Exercise
Repeat verbatim, and only, the lines of the data below, beginning at the line that contains "図工の時間には,お話の絵の下" and stopping after the line that contains "146 | 【A】東京のボッスンのさまよえる地図 | 特80 | メラ |".

Input material

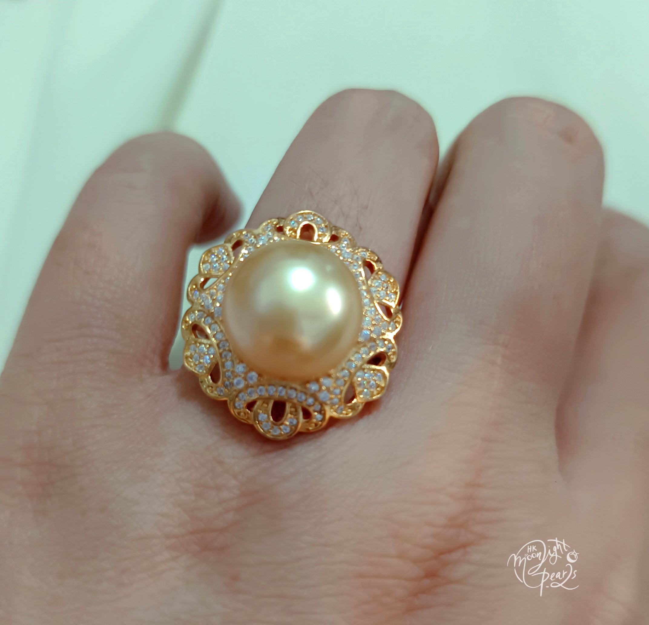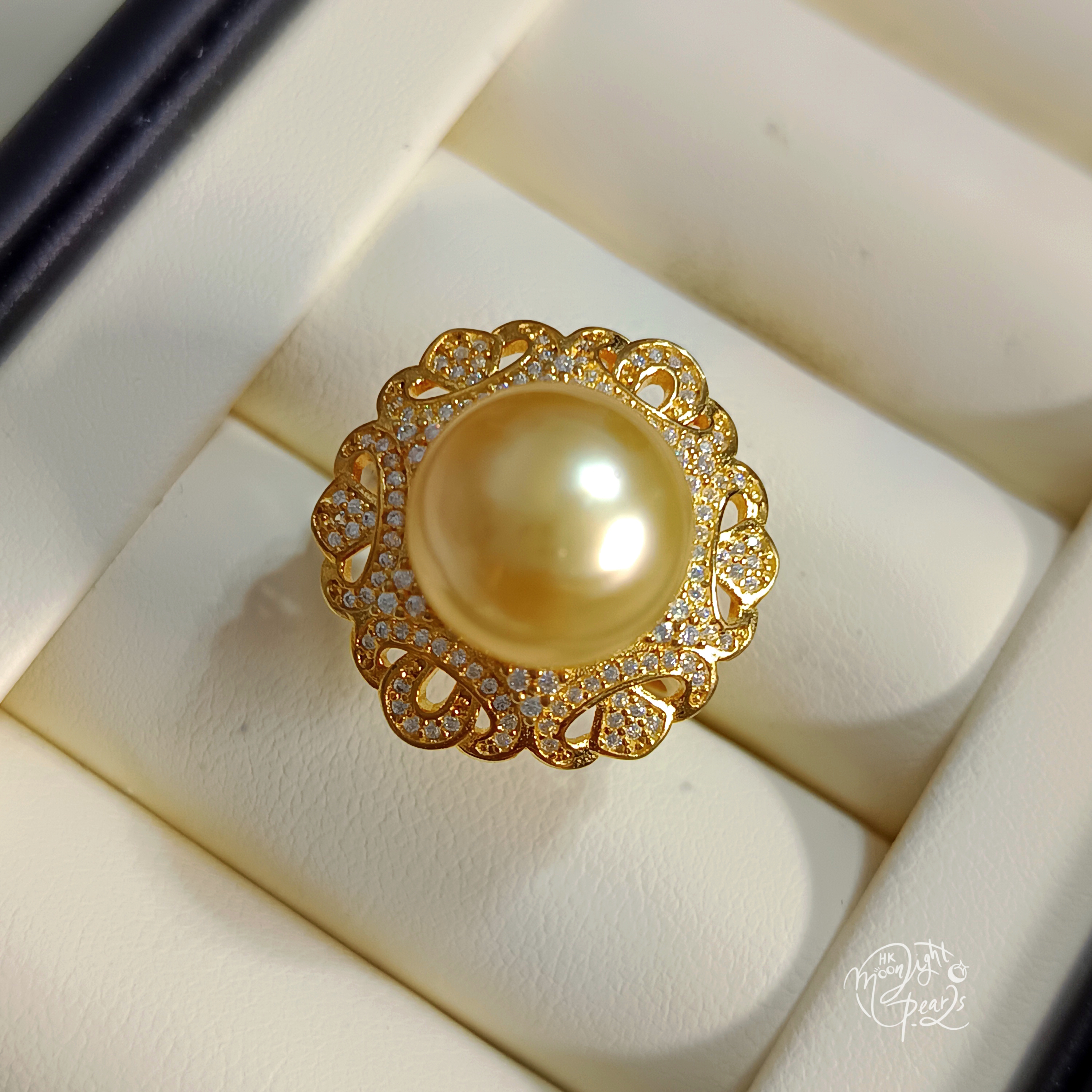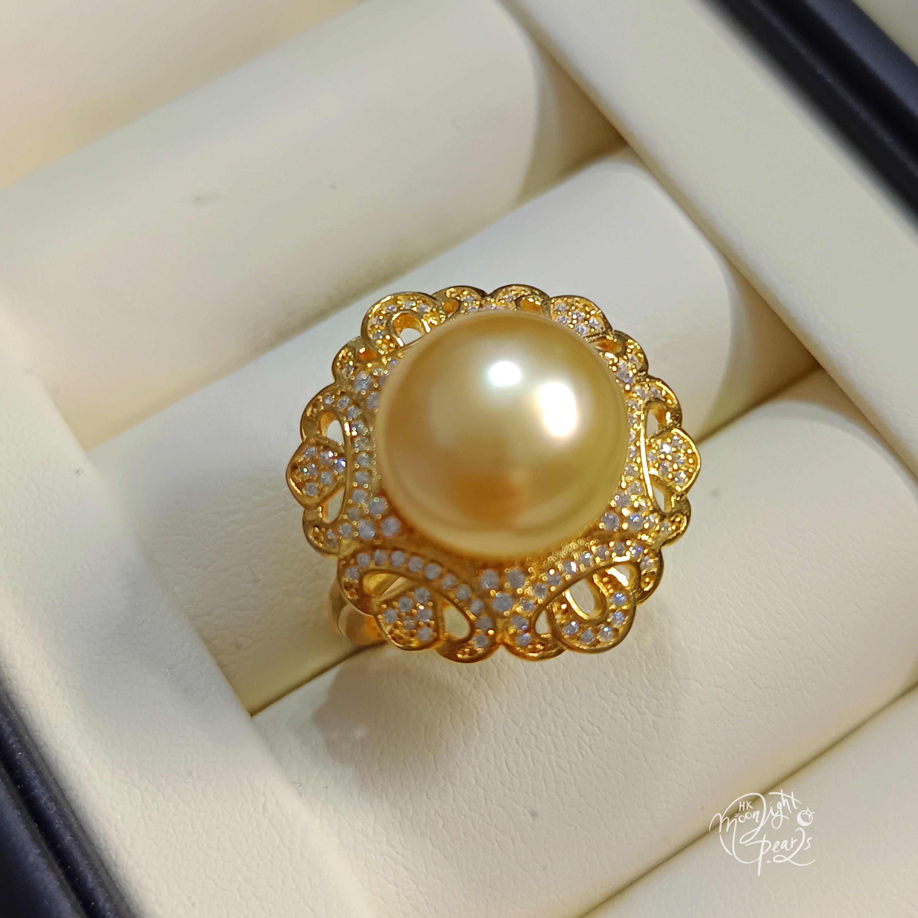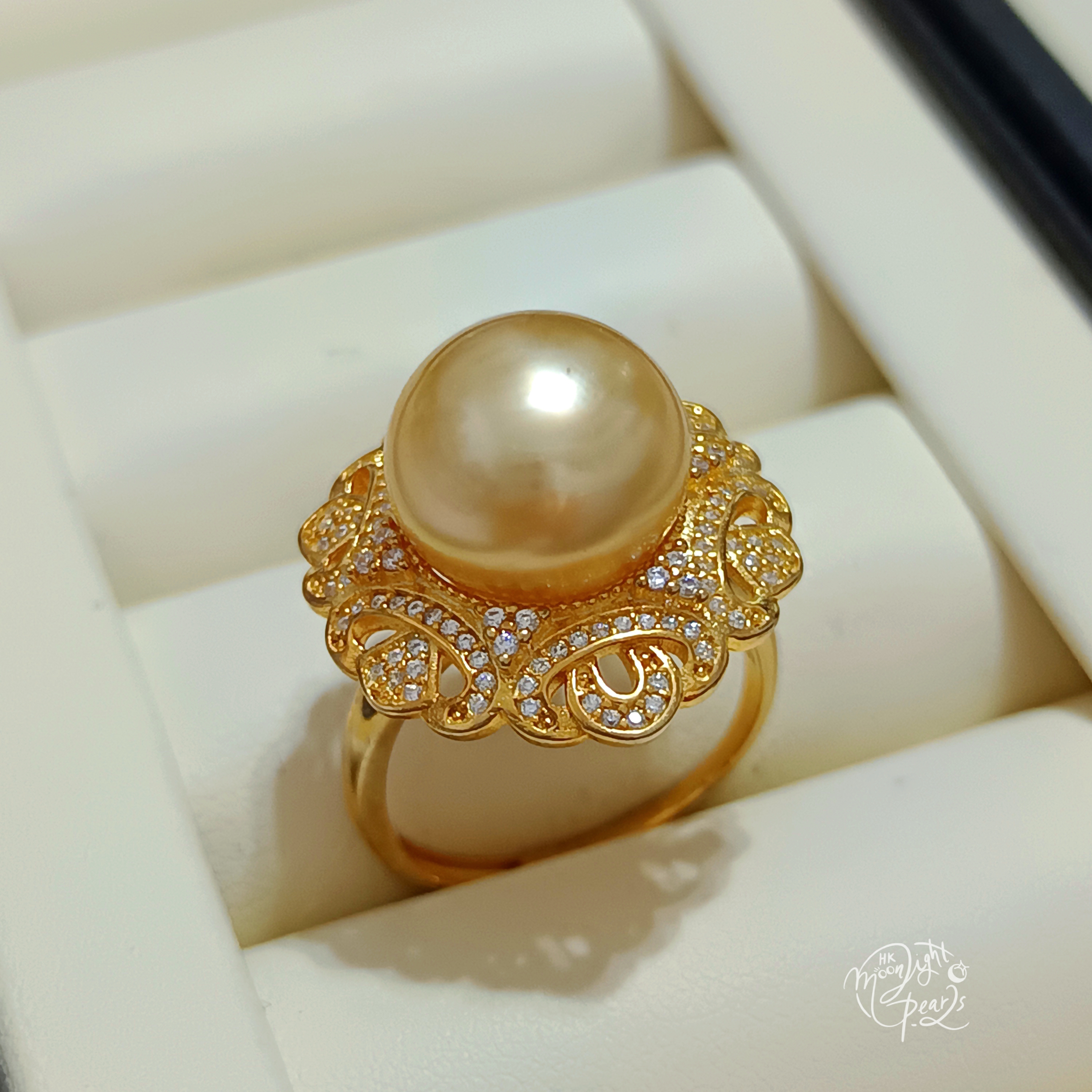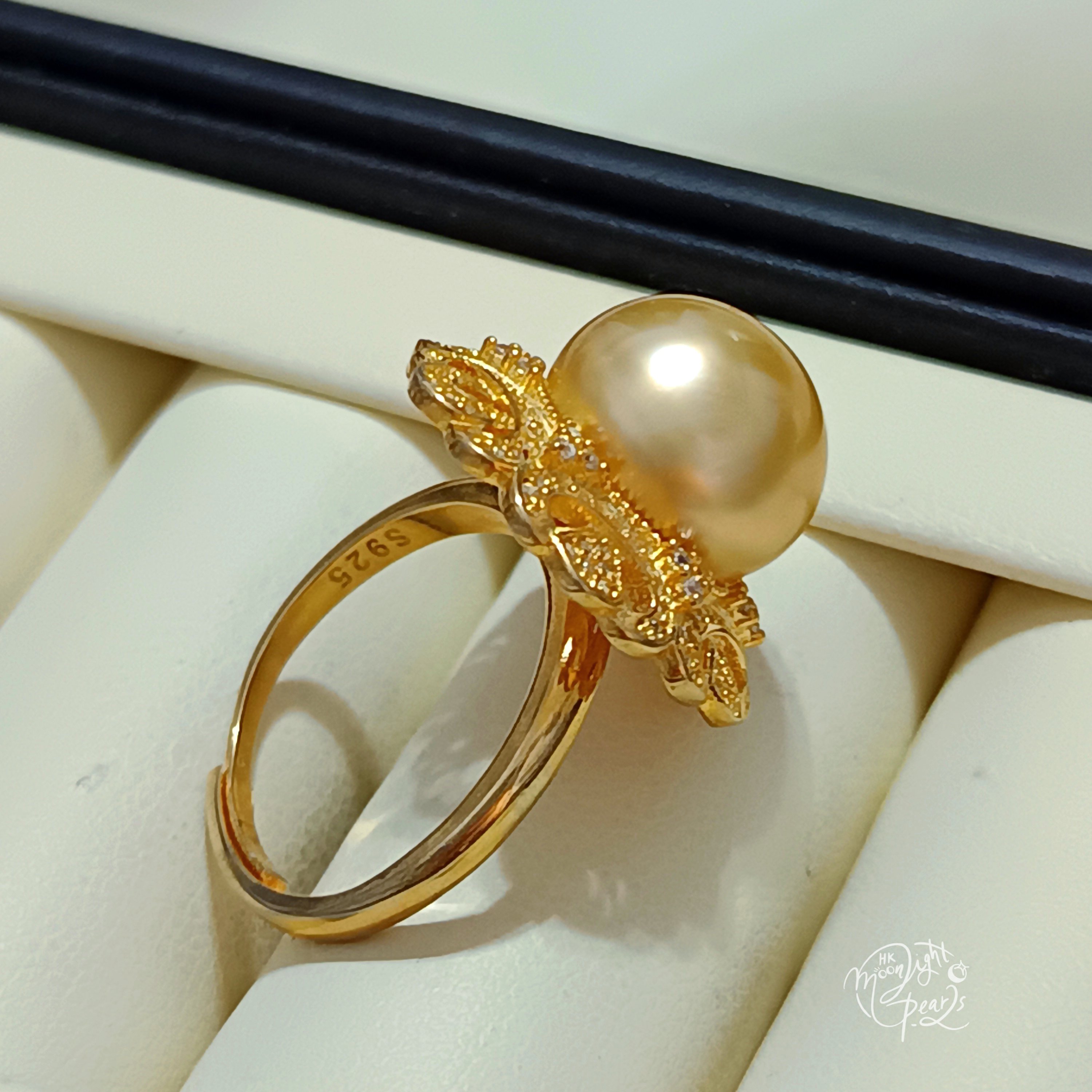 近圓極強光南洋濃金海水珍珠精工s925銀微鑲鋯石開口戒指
==
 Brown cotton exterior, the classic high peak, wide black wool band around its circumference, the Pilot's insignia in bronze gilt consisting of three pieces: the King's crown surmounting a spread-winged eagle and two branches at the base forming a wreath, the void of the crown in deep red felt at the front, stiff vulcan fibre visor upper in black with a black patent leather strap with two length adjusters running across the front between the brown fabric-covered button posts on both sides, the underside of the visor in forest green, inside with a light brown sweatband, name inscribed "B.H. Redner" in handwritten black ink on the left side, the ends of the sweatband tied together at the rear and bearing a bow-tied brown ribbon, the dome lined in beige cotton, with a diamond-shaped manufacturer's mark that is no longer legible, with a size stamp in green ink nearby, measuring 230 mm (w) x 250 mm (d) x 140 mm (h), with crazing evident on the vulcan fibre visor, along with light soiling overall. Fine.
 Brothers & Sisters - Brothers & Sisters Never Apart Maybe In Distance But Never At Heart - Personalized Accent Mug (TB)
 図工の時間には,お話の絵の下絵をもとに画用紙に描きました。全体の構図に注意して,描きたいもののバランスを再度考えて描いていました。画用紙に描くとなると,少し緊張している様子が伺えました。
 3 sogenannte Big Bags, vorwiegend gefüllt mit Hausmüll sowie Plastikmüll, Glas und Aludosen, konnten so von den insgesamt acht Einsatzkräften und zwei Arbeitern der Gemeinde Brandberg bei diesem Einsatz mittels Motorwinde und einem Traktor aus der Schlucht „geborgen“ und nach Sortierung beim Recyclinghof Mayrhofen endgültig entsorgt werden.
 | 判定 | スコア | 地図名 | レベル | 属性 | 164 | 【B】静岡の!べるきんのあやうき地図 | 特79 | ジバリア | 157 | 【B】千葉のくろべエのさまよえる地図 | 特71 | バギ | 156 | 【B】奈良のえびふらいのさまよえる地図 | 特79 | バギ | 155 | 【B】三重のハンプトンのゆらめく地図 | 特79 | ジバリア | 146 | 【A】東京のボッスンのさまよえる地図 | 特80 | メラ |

Written reply
 図工の時間には,お話の絵の下絵をもとに画用紙に描きました。全体の構図に注意して,描きたいもののバランスを再度考えて描いていました。画用紙に描くとなると,少し緊張している様子が伺えました。
 3 sogenannte Big Bags, vorwiegend gefüllt mit Hausmüll sowie Plastikmüll, Glas und Aludosen, konnten so von den insgesamt acht Einsatzkräften und zwei Arbeitern der Gemeinde Brandberg bei diesem Einsatz mittels Motorwinde und einem Traktor aus der Schlucht „geborgen“ und nach Sortierung beim Recyclinghof Mayrhofen endgültig entsorgt werden.
 | 判定 | スコア | 地図名 | レベル | 属性 | 164 | 【B】静岡の!べるきんのあやうき地図 | 特79 | ジバリア | 157 | 【B】千葉のくろべエのさまよえる地図 | 特71 | バギ | 156 | 【B】奈良のえびふらいのさまよえる地図 | 特79 | バギ | 155 | 【B】三重のハンプトンのゆらめく地図 | 特79 | ジバリア | 146 | 【A】東京のボッスンのさまよえる地図 | 特80 | メラ |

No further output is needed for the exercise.